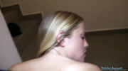 Получив бабки от пикапера, блонда рванула в его подъезд. Потаскушка жадно заглотила болт, пуская слюни, и скинула шмотки, оголив сиськи. Шлюшка подставила киску, и он долбил ее, шлепая по дойкам, прижав к стене и на лестнице. Она кончала, крича от кайфа, наслаждаясь глубокими толчками. Сперма брызнула на ее попку, завершив быструю сделку оргазменным экстазом.
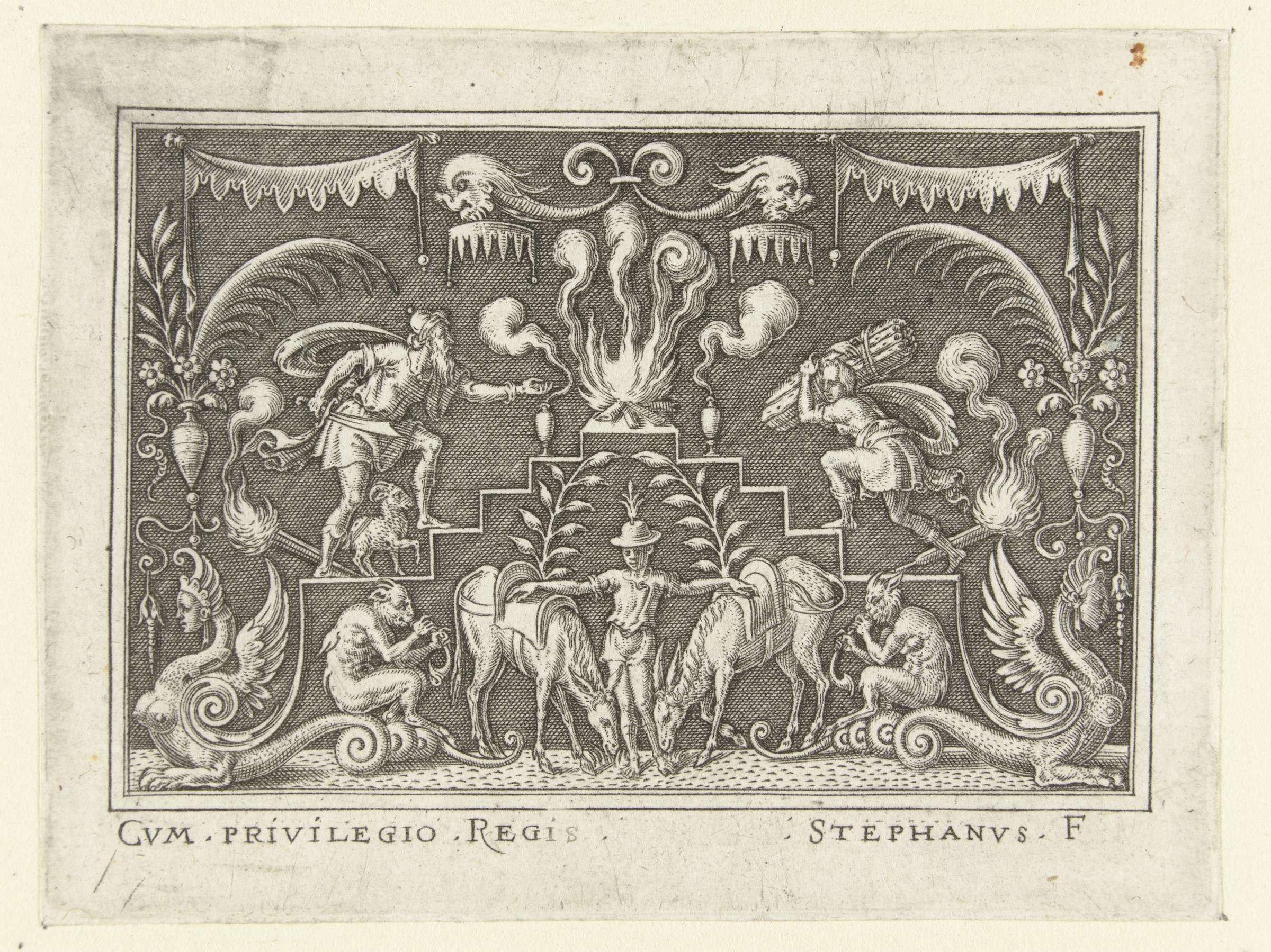 In het midden brandt een vuur op het altaar waar treden naartoe wijzen. Uit serie van 6 bladen.
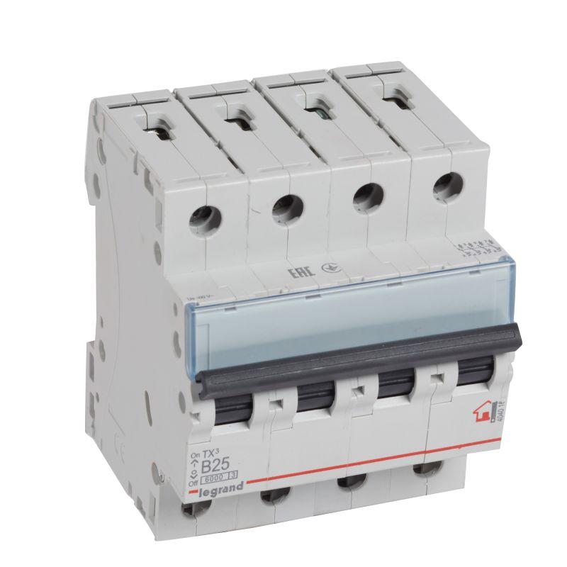 404016 | Выключатель автоматический модульный 4п B 25А 6кА TX3 6000 4мод. 400В Leg
##############################
**What is needed**
Repeat all of the data above word for word, minus the pictures.

**Output for this task**
 Получив бабки от пикапера, блонда рванула в его подъезд. Потаскушка жадно заглотила болт, пуская слюни, и скинула шмотки, оголив сиськи. Шлюшка подставила киску, и он долбил ее, шлепая по дойкам, прижав к стене и на лестнице. Она кончала, крича от кайфа, наслаждаясь глубокими толчками. Сперма брызнула на ее попку, завершив быструю сделку оргазменным экстазом.
 In het midden brandt een vuur op het altaar waar treden naartoe wijzen. Uit serie van 6 bladen.
 404016 | Выключатель автоматический модульный 4п B 25А 6кА TX3 6000 4мод. 400В Leg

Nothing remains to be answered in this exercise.